Het unieke van het christelijk geloof cirkelt rond
Jezus. Dat zagen we hiervoor al. Niet iedereen
noemt Hem bij name, maar vrijwel steeds is er
focus op wie Hij was/is en hoe Hij optrad, leed,
stierf en opstond. We hebben in een volgende
vraag gevraagd naar wie Hij is in de missionaire
communicatie. ‘Hoe inclusief of exclusief is Hij in
jouw ogen?’
Het is goed op deze plaats melding te maken van
een zekere onhelderheid in de vraagstelling. De
vraag naar exclusiviteit en inclusiviteit kan zowel
slaan op Zijn omgang met de mensen die Hij
14
tegenkwam in Zijn jaren als rondtrekkende rabbi als
op Zijn bemiddelende rol in de relatie van de mens
tot God. Concreet: is Hij de enige en exclusieve weg
naar de Vader?
Als het gaat om het eerste, dan leveren de interviews
een zeer inclusief beeld op: Jezus sluit mensen in,
ook zij die vaak worden uitgesloten in het menselijk
verkeer. Hij is royaal en doorbreekt gangbare
grenzen. Dat inspireert het eigen handelen en moet
ook het functioneren van de gemeente kleuren.
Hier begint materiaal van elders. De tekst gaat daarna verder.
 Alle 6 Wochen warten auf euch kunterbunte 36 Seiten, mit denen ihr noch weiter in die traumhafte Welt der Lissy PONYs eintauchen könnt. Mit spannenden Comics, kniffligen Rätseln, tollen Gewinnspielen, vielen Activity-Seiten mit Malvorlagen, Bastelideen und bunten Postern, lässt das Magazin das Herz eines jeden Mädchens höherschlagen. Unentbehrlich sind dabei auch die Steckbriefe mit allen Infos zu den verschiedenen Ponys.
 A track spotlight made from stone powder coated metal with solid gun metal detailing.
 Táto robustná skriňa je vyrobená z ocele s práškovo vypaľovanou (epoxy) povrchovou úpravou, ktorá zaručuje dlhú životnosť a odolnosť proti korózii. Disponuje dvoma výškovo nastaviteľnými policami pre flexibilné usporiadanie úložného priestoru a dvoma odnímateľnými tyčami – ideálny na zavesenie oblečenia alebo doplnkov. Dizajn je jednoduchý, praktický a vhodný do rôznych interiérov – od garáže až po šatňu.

Bij het tweede, de rol van Jezus in de verbinding
van God en mens, noemden we als voorzet
regelmatig de uitspraak van Jezus dat Hij de weg,
de waarheid en het leven is (Johannes 14,6).
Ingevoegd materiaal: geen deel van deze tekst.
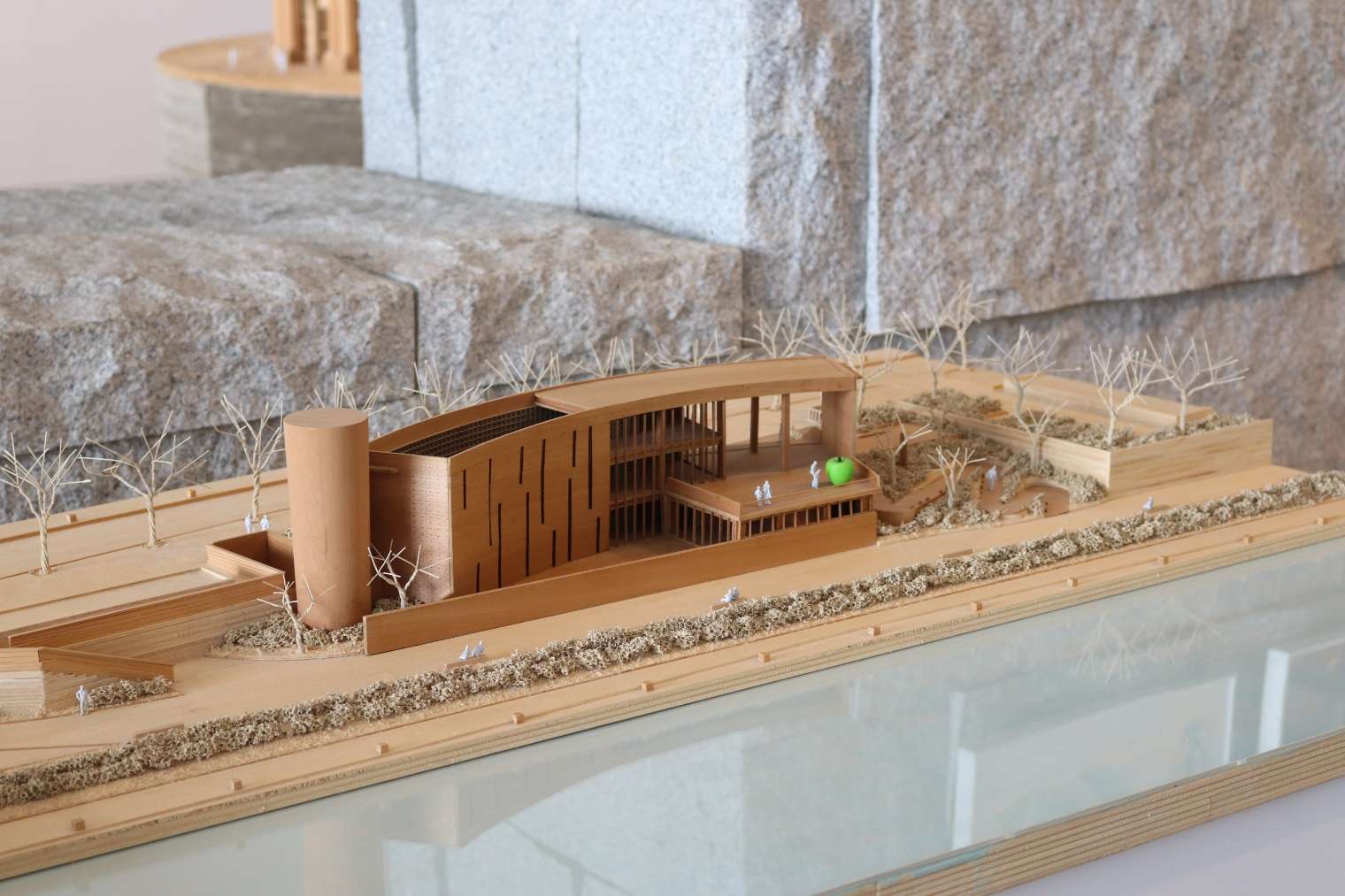 ここでは安藤がこれまで世界中で手がけてきた美術館を紹介しています。瀬戸内海に面したここ兵庫県立美術館から、「青りんご」の先に広がる海の向こうへと、ぜひ目を向けてみてください。
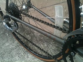 The specs on this bike, considering it retails for about $2k USD complete (take THAT, Riv and VO), are pretty swank - Reynolds 531 tubing, Shimano 105 derailleurs, cranks, brakes, and hubs, Nitto Pearl Stem & Lauterwasser bars, chromed fork, Brooks saddle, the list goes on.
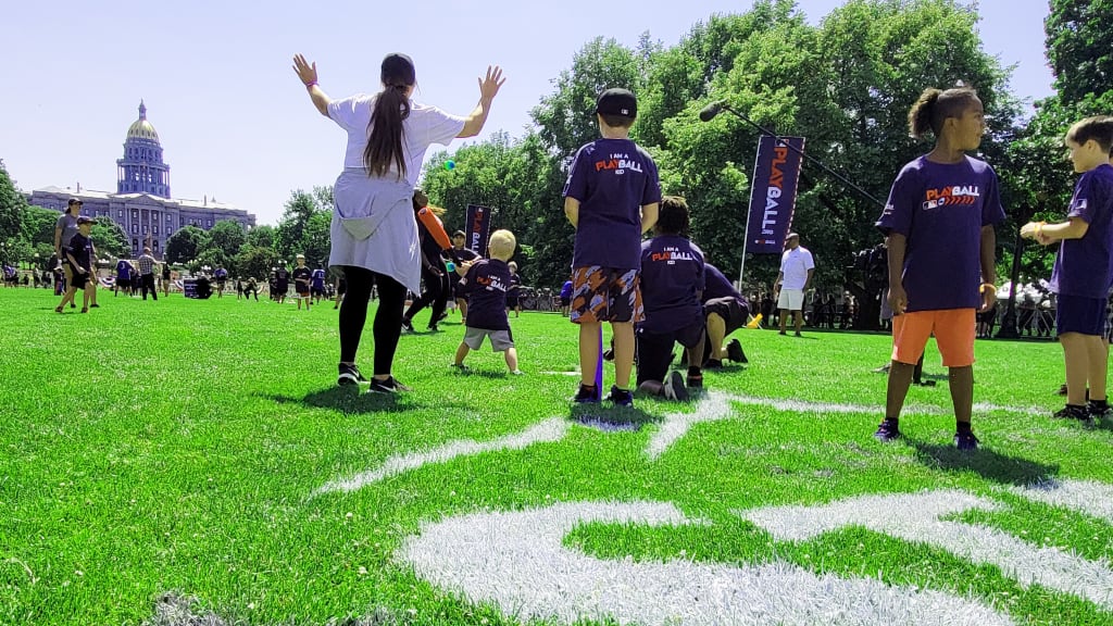 Denver Mayor Michael B. Hancock was joined by Rockies owner/chairman and CEO Dick Monfort and MLB chief baseball development officer Tony Reagins to launch the program, featuring kids participating in a series of fun-focused, informal baseball- and softball-centered activities.
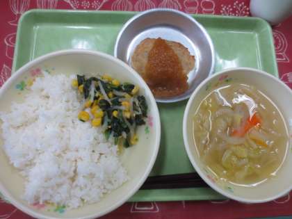 今日の献立は「ごはん」「豆腐ハンバーグのおろしたれ」「ほうれん草のソテー」「白菜スープ」「牛乳」です。
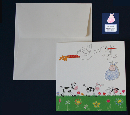 | Caratteristiche del materiale: | Cartoncino bianco stampato con cicogna e applicato "fagotto rosa". |
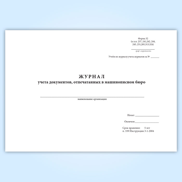 Журнал учета документов, отпечатанных в машинописном бюро (форма 32) в Химках купить
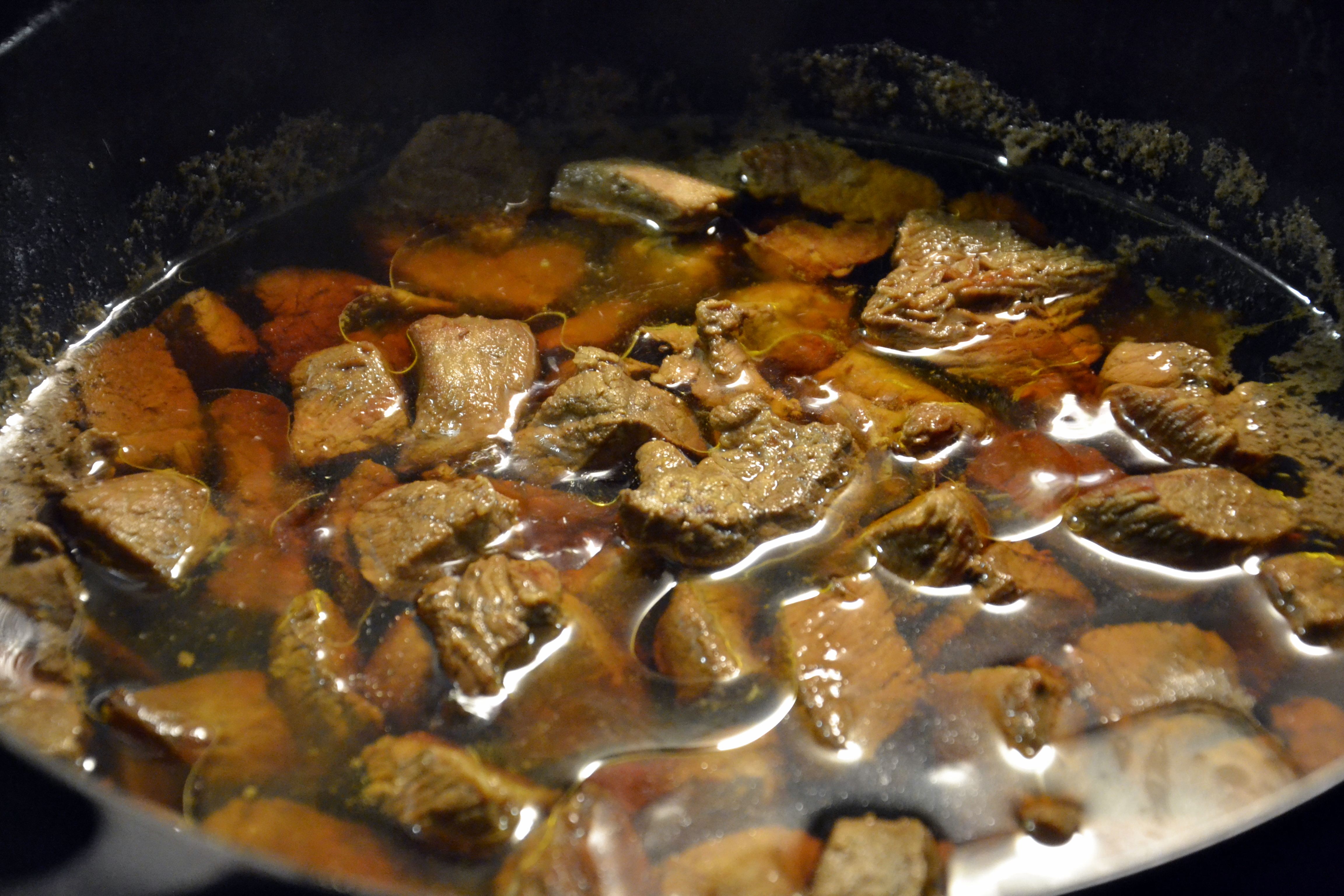 Brun kjøtt-terningene i en jerngryte eller panne. Jeg liker å bruke smør, men du kan også steke i olje. Det er lurt å tørke av bitene før du steker dem, så blir de mest stekt – ikke kokt (!) Og ikke legg alle bitene i gryta på en gang, det kan også føre til at temperaturen ikke blir høy nok til at kjøttet får den gode stekeskorpa vi ønsker. Når alle biter er ferdigstekte, dvs at de har fått en fin stekeskorpe (de skal ikke være gjennomstekte), legger du alt kjøttet tilbake i gryta og heller over vann. Det skal være akkurat så mye vann at det så vidt dekker kjøttet. Ha også i urtene (timian) og de knuste einebærene og la det hele småkoke under lokk til kjøttet er mørt. Det tar opptil to timer, avhengig av størrelse og kvalitet på kjøttet.

Meerdere geïnterviewden kwamen zelf ook met
deze uitspraak. Het idee van ‘de weg, de waarheid
en het leven’ in de exclusieve zin van het woord lijkt
niet echt te leven. Slechts een paar respondenten
wijzen op het unieke van Jezus Christus dat tevens
exclusief is. Een van hen nuanceert dat overigens
ook direct weer:
‘Op de kansel spreek ik over Heer en Redder.
Maar daarmee kun je niet missionair communi-
ceren. Dan presenteer ik Hem eerder als bizar,
anders, iemand die heel veel van wat wij zien
als het goede ons al heeft meegegeven heeft,
2000 jaar geleden. Hoe inclusief of exclusief
is Hij? Hij is de weg, de waarheid en het leven.
Maar ik zeg dan vaak: een weg heeft ook een
berm en hoe breed die is, dat weet niemand.’
(interview 32)
Het idee dat er meer wegen naar Rome leiden, leeft
breed onder de groep respondenten. Ze zoeken
vanuit hun betrokkenheid op Jezus verbinding met
anderen. Zo bijvoorbeeld deze predikanten:
‘Omdat in exclusiviteit zomaar de gedachte
kan schuilen dat je je af zou gaan zetten tegen
de ander. De beweging tegenover die ander.
Daar wil ik heel erg voor waken. Ik ben altijd
op zoek naar verbindende krachten. Hoe meer
mensen vanuit hun eigen achtergrond, hun
eigen levensovertuiging, hun eigen geloof mee
willen werken aan vrede en gerechtigheid,
aan heelheid van de schepping, hoe liever het
mij is. En daar hebben we als christenen een
belangrijke - zelfs een unieke - bijdrage aan te
leveren.’ (interview 22)
‘Hij is de kern waar het om gaat, het geloof
in Jezus is mijn drijfveer, diep vanbinnen.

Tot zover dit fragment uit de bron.